Take Your Picasso!
I should have been at work today but instead we snuck off to the first day of the new Picasso Exhibition at Tate Liverpool. Quite disappointed that we weren't greeted with white whine and nibbles - not even a pigeon sandwich to go with the theme of the show but of course what really mattered was the art and this was truly art - and so so much of it. The Picasso Event Horizon occurred about two thirds through when the paintings started to be Picasso's versions of previous famous works - Le dejeuner sur l'herbe, Las Meninas etc. and while obviously in his style (at risk of sounding pretentious should we say metastyle) they smacked of mass-production and loss of inspiration.
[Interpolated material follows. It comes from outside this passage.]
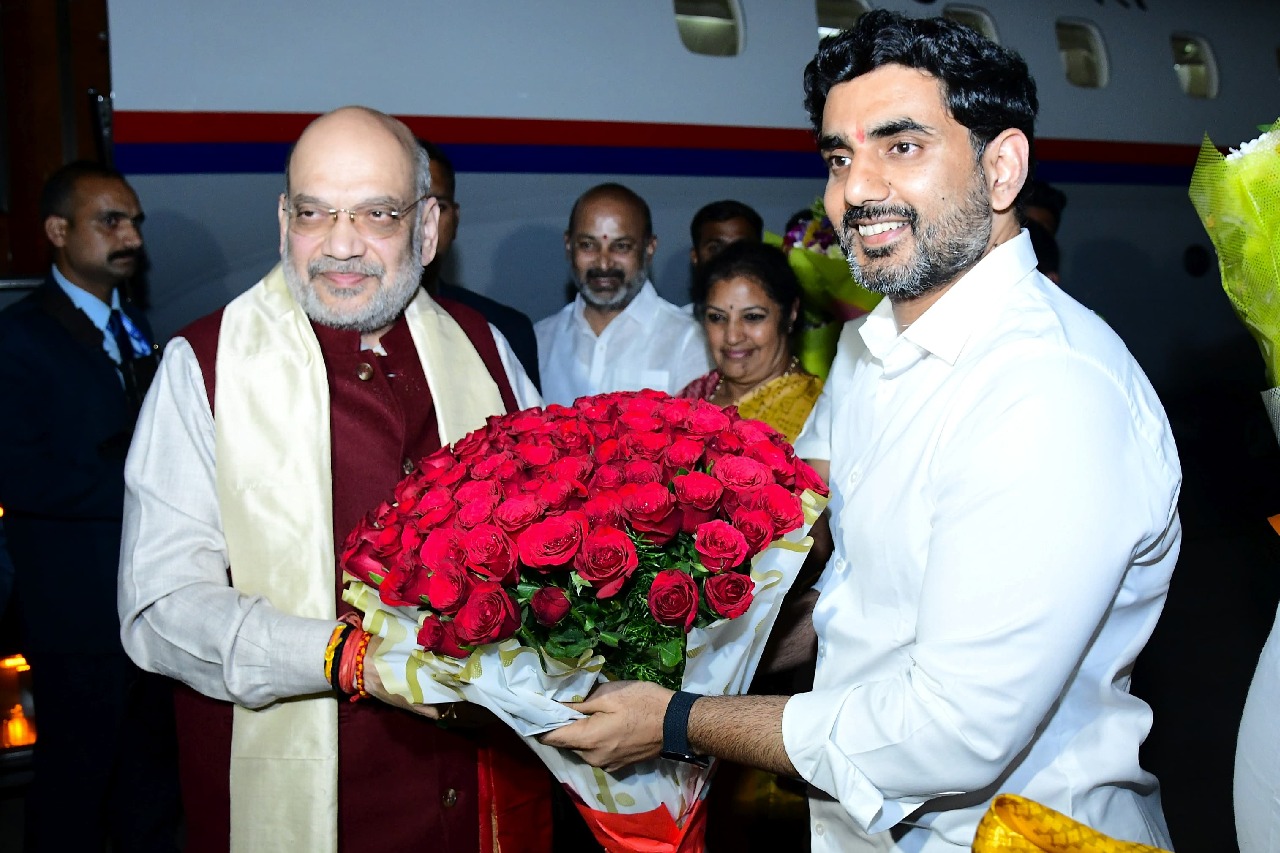 Amit Shah: గన్నవరం ఎయిర్ పోర్టులో అమిత్ షాకు స్వాగతం పలికిన నారా లోకేశ్
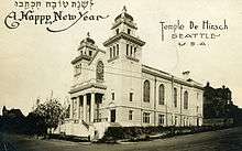 Construction of a synagogue was begun at Boylston Avenue and Marion Street in Seattle.[2][6] A cornerstone was laid in 1901,[2][6] and a basement was built; the congregation held services in the vestry,[2] but rapid growth of the congregation led to the construction of a larger building at Union Street and 15th Avenue.[2][6] Temple De Hirsch was begun in 1907, completed in 1908, and dedicated on the congregation's ninth anniversary, May 29, 1908.[2] An adjacent Temple Center opened in 1924, housing a religion school and other organizations; a wing was added in 1951.[6]

Not like The Charnel House, one of the first paintings in the exhibition, a painting similar in style to Guernica and outwardly a depiction of a specific, ruthless atrocity in Spain but of course a marker for the greater tragedy of the whole of Spain. This is a grey work - it apes a newspaper picture - and despite being the visual record of death, of the unmoving victims of some small war crime, perhaps like all Picasso's work, it moves within itself, suggesting the post-mortem accusations of the murdered family, blaming those who carried out the terrible acts and indirectly us for being part of the wider world which allows this. The whole black time from the early skirmishes in the mud of Flanders to the ultimate atrocities of the concentration camps (and beyond into our own time) are channelled out in this picture. A little event given meaning with a scream directed from the artist into canvas. It gives no solutions other than being a reminder to moderate one's own behaviour for fear that the smallest break in your vigilance will let in the evil that men do.
[Paragraph removed due to being overtly Bathetic].